Questions to ask about funding models
Previously: the importance of funding models, types of funding models.
To compare funding models for science and technology, and to understand their pros and cons, it will help to look at them along multiple axes. Here’s a list of questions it can be useful to ask about each model, system, or program, loosely grouped in a few categories:
Resources
- How much total funding can the model aggregate and concentrate on a program?
- How scalable is the funding? If the research is promising or productive, can funding grow to meet demand?
- How reliable is the funding? Is it uncertain or subject to high variance?

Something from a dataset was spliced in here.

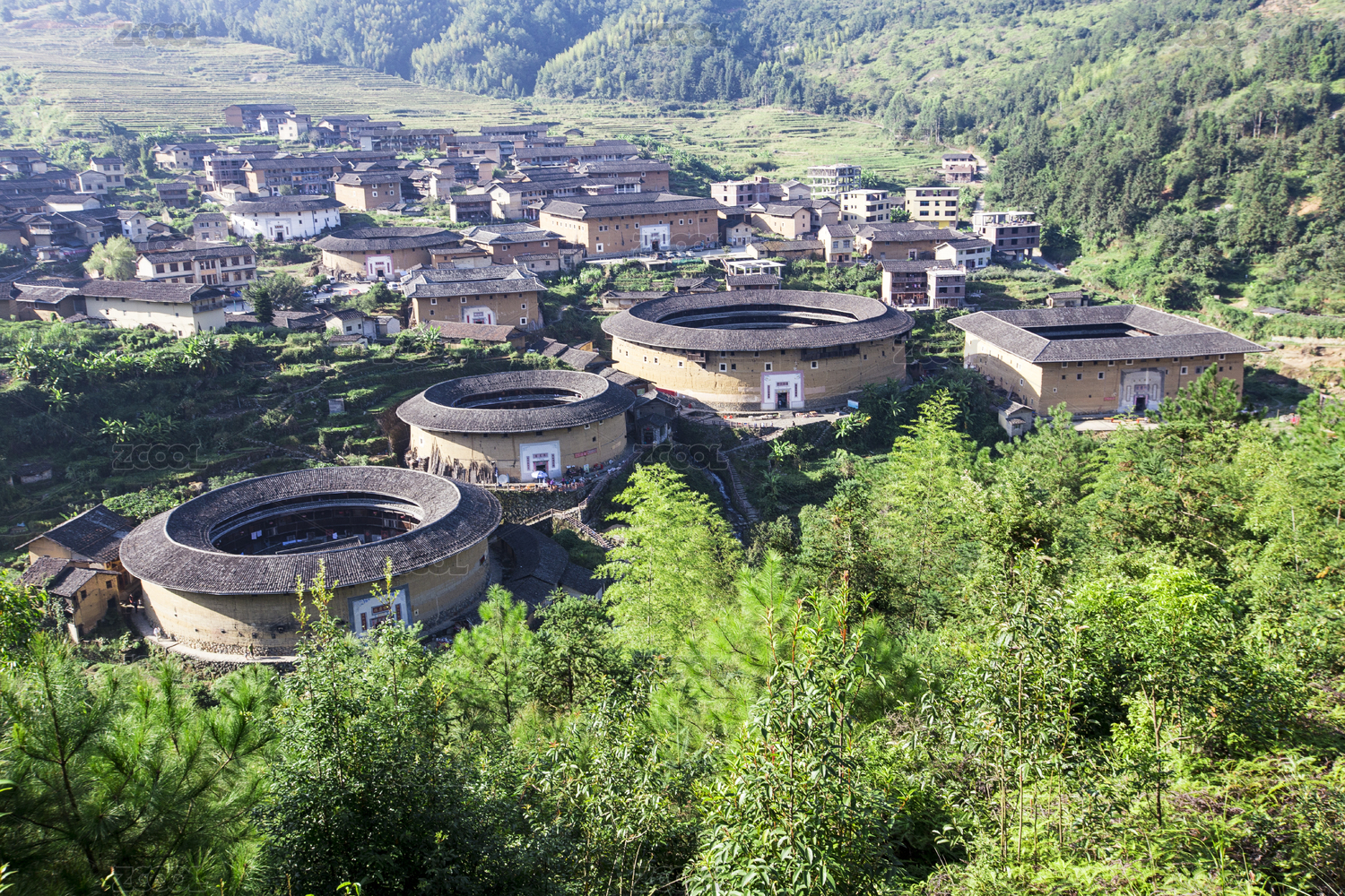 绿树掩映着的世界文化遗产永定客家土楼

- How well can the model attract talent (via compensation, career path, autonomy, prestige, etc.)?
Scope
- What is the model’s time horizon? How soon does the research have to deliver results? Are there short-term pressures?

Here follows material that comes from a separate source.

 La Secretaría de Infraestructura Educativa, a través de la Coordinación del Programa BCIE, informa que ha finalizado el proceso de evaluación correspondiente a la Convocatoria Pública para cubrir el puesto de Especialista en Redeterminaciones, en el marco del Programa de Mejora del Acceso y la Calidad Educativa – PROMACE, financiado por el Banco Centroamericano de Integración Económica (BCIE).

- Is the research highly goal-directed? Must projects be justified as contributing to a defined objective? How much undirected exploration is supported?
- Related, how much of the direction is top-down from the management or administration, vs. bottom-up from the researchers themselves?
- Is the research otherwise constrained by a defined theme?
- To what extent does the model support basic vs. applied research? Does the research have to be justified by visible or near-term practical applications?
- Does the value of the research need to be captured by the organization (through intellectual property, commercialization, process improvements, etc.)?
Efficiency
- Can progress and results be objectively identified? Measured? Optimized?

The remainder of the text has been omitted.